Ivory and Bone, by Julie Eshbaugh
Let’s go really far back in time with this pick. I’m talking all the way back, to the dawn of man. In Eshbaugh’s debut, we’re taken to the prehistoric era, to a world where hunting and gathering are really all there is to life. It’s a time when the landscape and the creatures that roam it are unforgiving and dangerous. And, as it turns out, so are the people. Prehistoric clans vs. Prehistoric clans, set in a magnificently imagined world. The plot is set up a bit like Pride and Prejudice, with one of the principals possessing a dark history and dangerous rival. As romance and tensions mount, war starts to brew on the horizon.

Jackaby, by William Ritter
Set in the 1890s, with hints of Sherlock and Doctor Who smattered throughout, Ritter’s paranormal detective series is as mysterious and thrilling as it is dark and haunting. When Abigail Rook moves to the town of New Fiddleham in New England, she lands a job with an investigator who can see paranormal creatures. And thanks to her ability to notice what other detectives tend to miss, they end up becoming the perfect team…just as a serial killer is on the loose. The serial killer might not be human, and it’s up to Abigail and Jackaby to figure it all out. And hey, the third book in Ritter’s series comes out this month! Keep an eye out for Ghostly Echoes.

Traitor Angels, by Anne Blankman
Oh, this is an amazing book. In Blankman’s latest, readers get to adventure along with Elizabeth Milton. Last name sound familiar? It should. She’s the daughter of John Milton of Paradise Lost fame, and in Traitor Angels, she wrestles with figuring out her place in the constantly shifting landscape of England’s kings and queens. Well, with that and trying to figure out the hidden messages her father left in Paradise Lost. See, her dad has been working with her to transcribe his poem, but also teaching her foreign languages and sword play.  And when he’s finally arrested and taken away, she’ll have to use everything he taught her to figure out the secret in the book, and figure out how to save her father—and, potentially, save the kingdom.

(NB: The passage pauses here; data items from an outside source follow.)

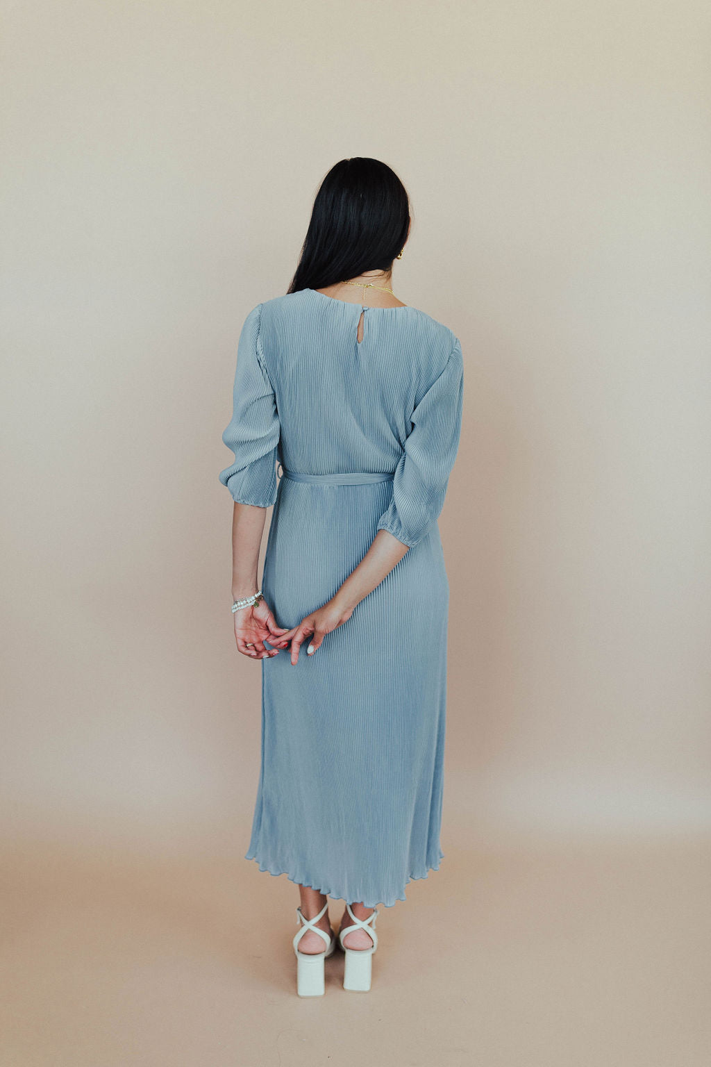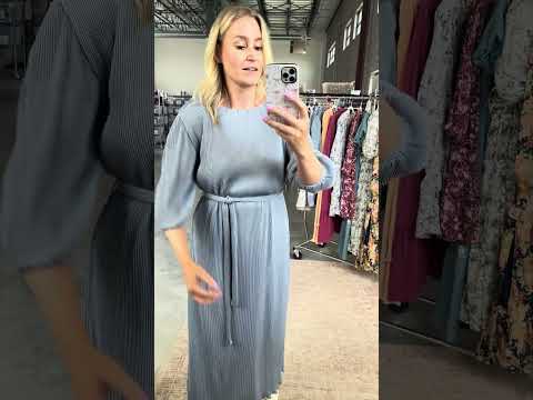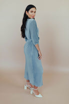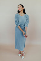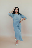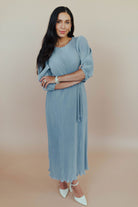Nicole Pleated Midi in Dusty Blue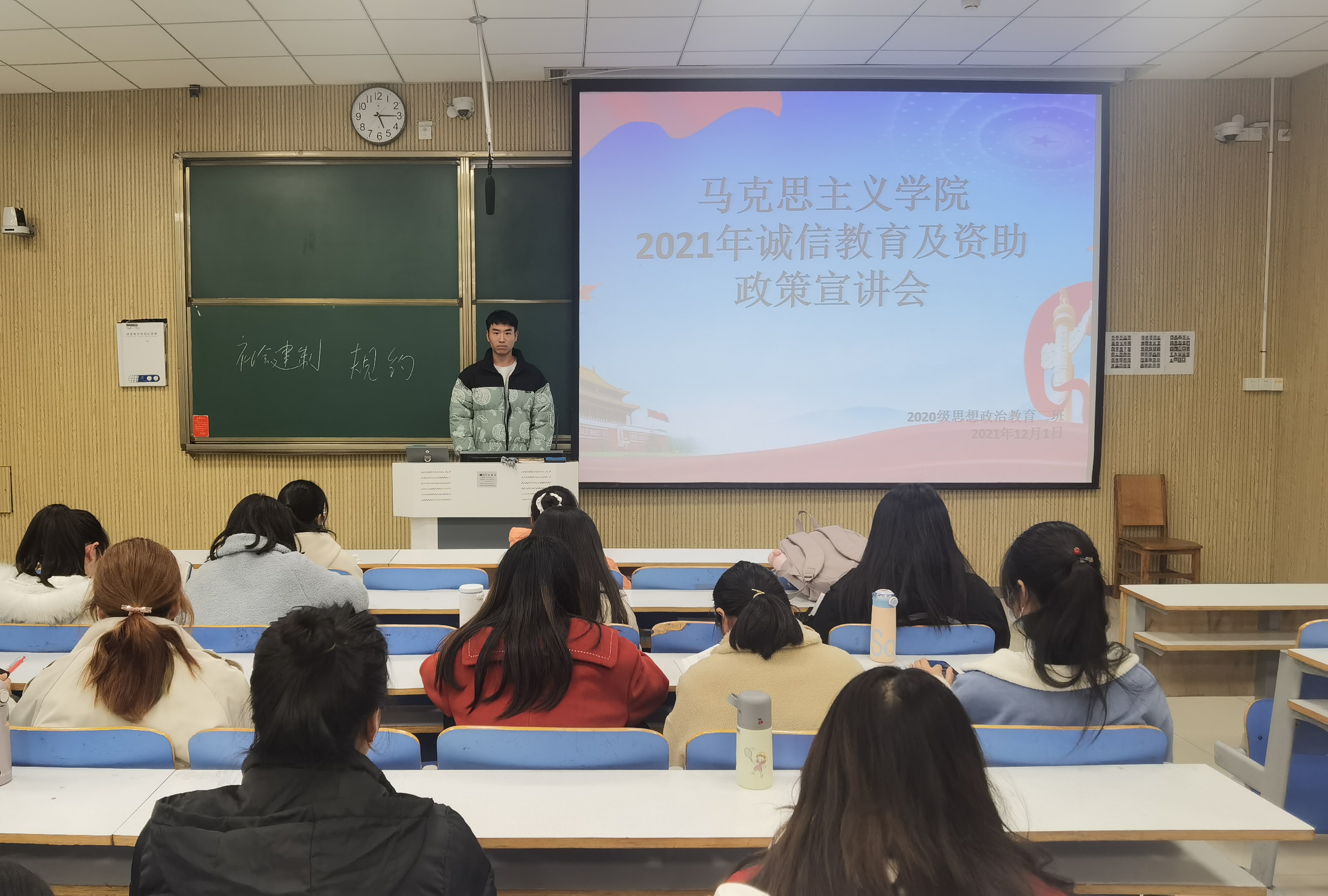 为进一步推进永利集团官网资助政策和资助育人宣传工作,切实增强资助工作实效。12月1日下午,永利集团官网2020级思想政治教育二班、定向二班在社科楼515教室召开诚信教育及资助政策宣传主题班会。2020级思想政治教育二班、定向二班全体同学共同参与本次班会。班会由副班长高红凯主持。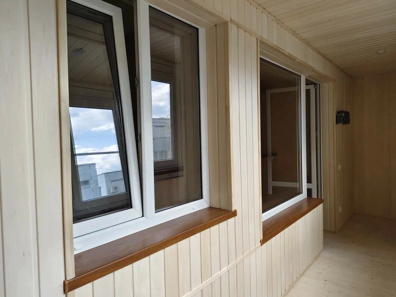 Холодное остекление балкона и отделка деревянной вагонкой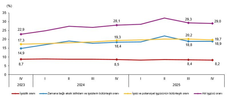 İşsizler, zamana bağlı eksik istihdam ve potansiyel işgücünü kapsayan atıl işgücü oranı 0,3 puanlık azalışla %29,0 oldu.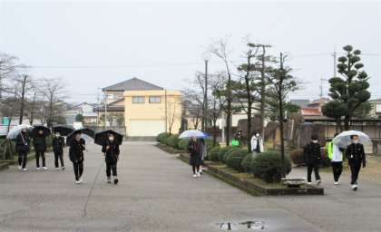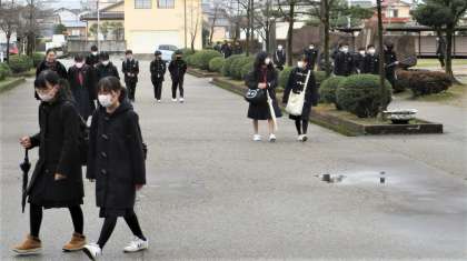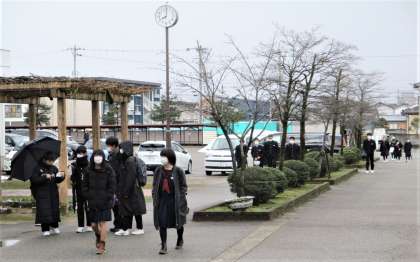 今朝は、小雪がちらつく肌寒い朝となりました。毎日の気温の変化が激しいので、生徒の皆さんは、十分に健康管理をお願いします。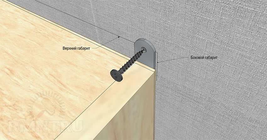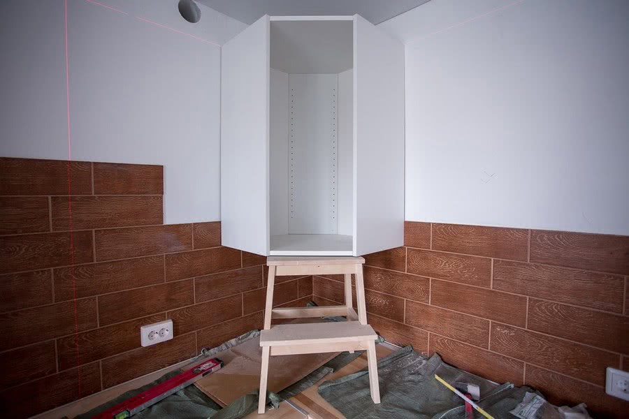 Особенность монтажа углового шкафа заключается в том, что крепежи фиксируют на двух стенах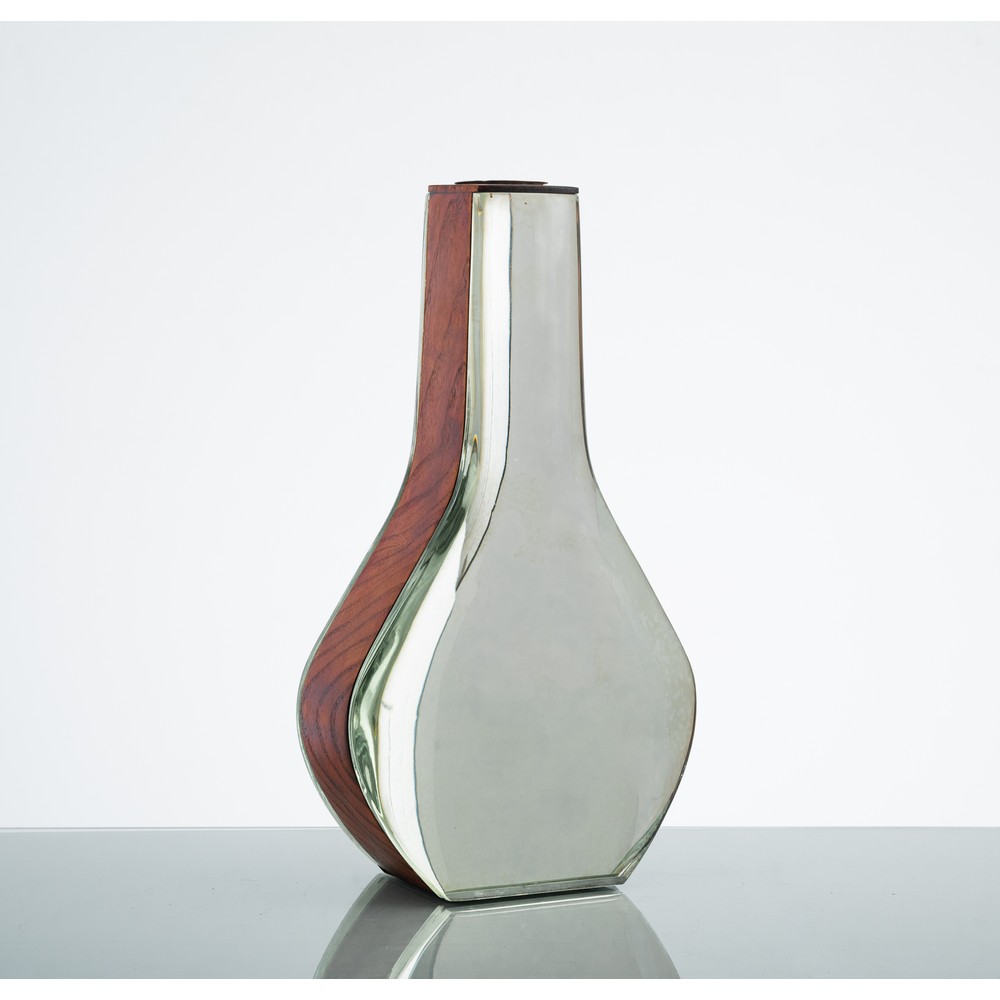 Vaso modello “2122” in legno, ottone, cristallo molato e specchiato.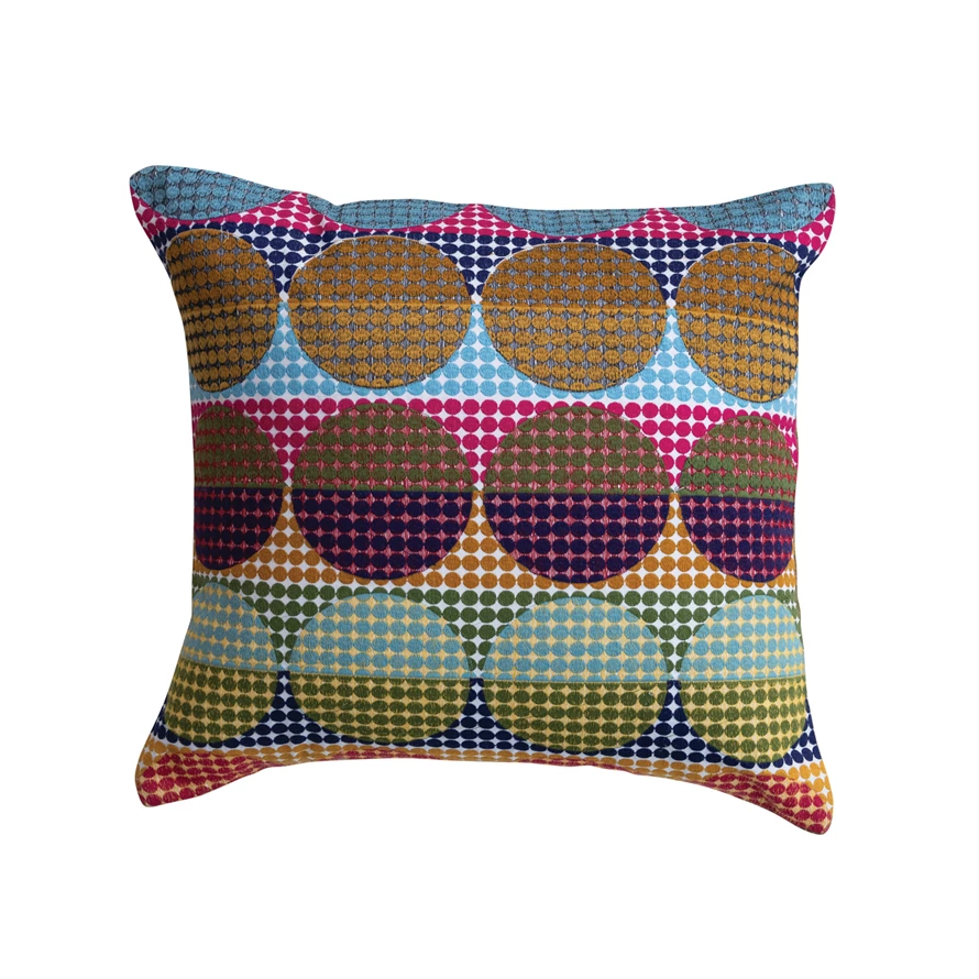 Catalog Name: 18" Square Woven Fabric Indoor/Outdoor Pillow w/ Embroidered Geometric Pattern, Multi Color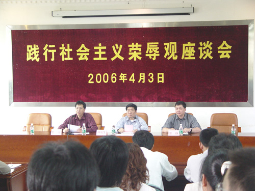 4月3日下午,2005级新生临时党支部在第二会议室举行了践行社会主义荣辱观座谈会。党委书记陈优生、党委副书记曾峥等学校领导,党委组织部部长黎强等有关部门负责人,各系政治辅导员和新生临时党支部的学生党员出席了座谈会。 至此,为期7个月的临时党支部学习教育和实践活动圆满结束。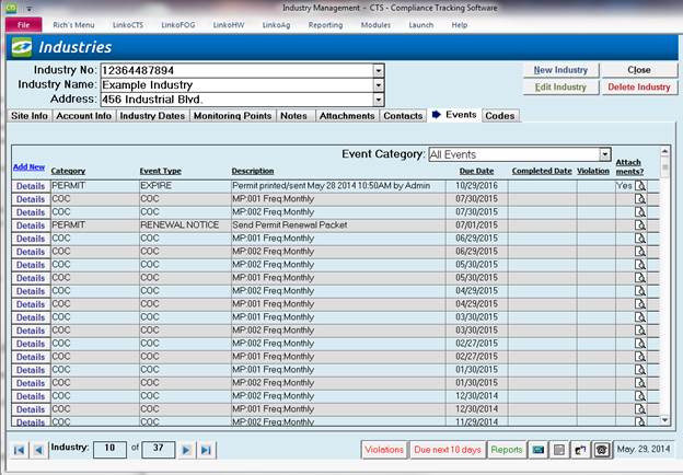 Opens appropriate Edit Event window for selected Event: COC, Generic Event, Inspection Event, Permit Event, Sample Event, and Violation |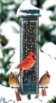 Wild Bird Habitat has one of the largest selection of squirrel proof bird feeders you’ll find anywhere. Any wild bird feed or mix of wild bird feeds are appropriate for these bird feeders. Our Brome Bird Care “Squirrel Buster Classic” is one of our top sellers with full warranty. We have a variety of Brome Bird Care squirrel proof bird feeders in stock. Droll Yankee has a selection of squirrel proof bird feeders as well with full lifetime warranties. Check out Wild Bird Habitat’s line of squirrel proof bird feeders. The one I particularly like is the Arundale Sky Café. This is a large capacity bird feeder that is squirrel proof. An optional wire guard is available to deter larger birds such as blackbirds. There are even dividers you can put in the hopper which allows you to offer 4 different kinds of wild bird feeds. Ask our staff about our squirrel proof bird feeders.

Walk on Earth a Stranger, by Rae Carson
Everyone knows the story of the California Gold Rush, an era of American history when people literally rushed across the country to claim the gold that was seemingly just bubbling up out of the land. And sure, a lot of people got rich. But even more suffered or even died along the way. And in Carson’s Walk on Earth a Stranger, we see a really unique experience on that trail, through the eyes of a young girl who can sense the presence of gold, whether it’s hidden in the earth or floating in the water. And in an era of desperation and greed, that kind of power isn’t the something people are going to let slip through their fingers. It’s a novel of the frontier, heartbreak, and staggering loss, and you’ll find yourself eagerly awaiting the sequel, Like a River Glorious, out next month.

Blood and Salt, by Kim Liggett
While on the surface Liggett’s debut might seem like just a YA horror novel, it’s steeped in history. It’s a Romeo & Juliet–style tale set in a Children of the Corn setting, with a teenager swept up in an ancient battle started centuries ago. See, while Ash Larkin rushes to save her mother and protect her brother from a cult hidden in the cornfields of Kansas, one that’s trapped in another era, the stakes are higher than she can possibly imagine. Because behind all of it is an ancient curse tied to Francisco Vázquez de Coronado, a conquistador who made his way through Mexico up into Kansas. I won’t dish the particulars here, because that weaves into spoiler territory, but the unique blend of horror and history make this a really clever title.